Effects of paramagnetic cations on the nonexponential spin-lattice relaxation of rare spin nuclei in solids

Abstract

Nonexponential spin-lattice relaxation is often observed for rare spin nuclei in the solid state. Deviation from single-component decay may be amplified by the coupling of rare spin nuclei to paramagnetic centers. Nonexponential spin-lattice relaxation was observed in derivatized silica gels resins. This phenomenon was localized and enhanced when paramagnetic transition metal cations were bound to surface functional groups. A stretched exponential analysis method was determined to be robust in fitting nonexponential relaxation curves for silica gels both with and without bound paramagnetic ions. Spin-lattice relaxation rates ( T 1 −1) for functional group nuclei increased as a function of percent surface coverage with metal ion.

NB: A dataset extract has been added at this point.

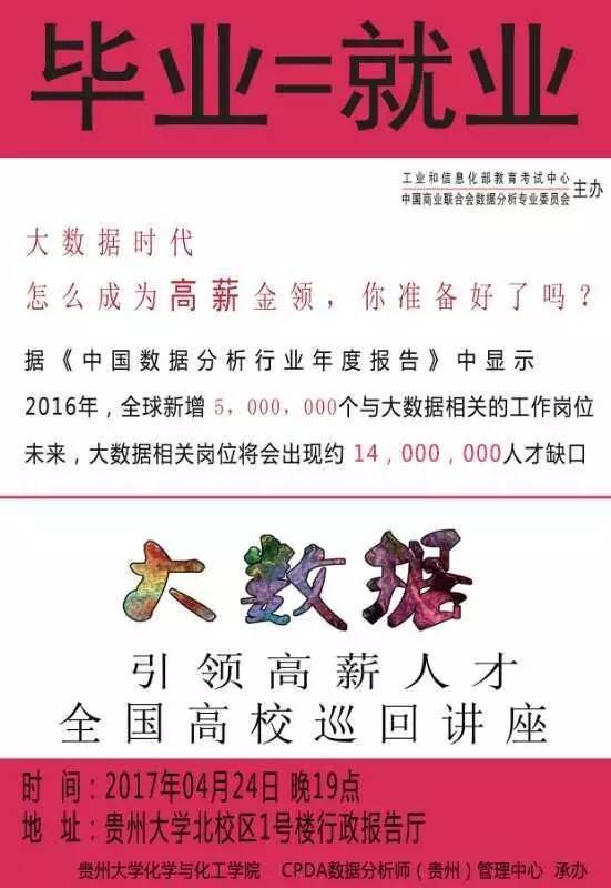 由中国商业联合会数据分析专业委员会联合工业和信息化部教育考试中心主办,贵州大学化学与化工学院承办的《2017大数据应用与就业指导全国高校巡回讲座》即将召开。将在贵州省各高校进行巡回讲座。
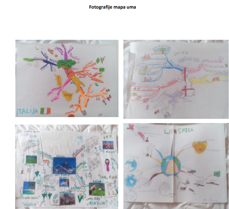 Na početku to je bilo par ilustracija na jednom času a onda sam počela uz mapu uma da koristim što više ilustaracijana objedinjujući ih ujednu moćnu sliku – mapu uma- . Nije to više bio linearni tekst na tabli več bih na čart papiru stvarali jednu veću ilustraciju sa mnogo manjih.To je bila velika slika sa mnogo podataka, informacija ali šarena i sa slikama, kartama, grafičkim prikazima koja im je bila zanimljiva. Učenici su sada rado učestvovali, komentarisali na času pa sam uočila da su i više znali. Dalje sam razvijala kognitivne procese i sve više razvijala smisleno učenje . Insistirala sam da uče ako je to moguće na ovakav način i kod kuće. Dalje smatram da uz mapu uma učenici ne samo da razvijaju kognitivne procese nego i metakognitivne. Stoga i smatram da učeći uz mapu uma kasnije u srednjoj školi, na fakultetima njihovo znanje može da bude i kvantitativno i kvalitativno na zavidnom nivou, ali i da počnu strateški razmišljati i pratiti učenje. Na kraju istraživačkim radom sam uočila da je znanje koje su učenici stekli učeći na ovakav način smješteno u dugotrajnu memoriju – kada bi ih nešto pitala od prije godinu dana sjetili bi se za razliku od ranijekada je to bilo učenje i poučavanje bez mapiranja uma.

The magnitude of the relaxation rate increase was dependent upon internuclear distances from the paramagnetic center. At low surface coverages, a semi-random distribution of paramagnetic centers increased the degree of stretching of spin-lattice relaxation decays, as measured by decreases in the calculated stretching parameter β. At higher surface coverages, calculated β values reached a limiting value, indicating that while the spin-diffusion mechanism in metal-ex-changed silica gels is restricted, it is not completely diminished.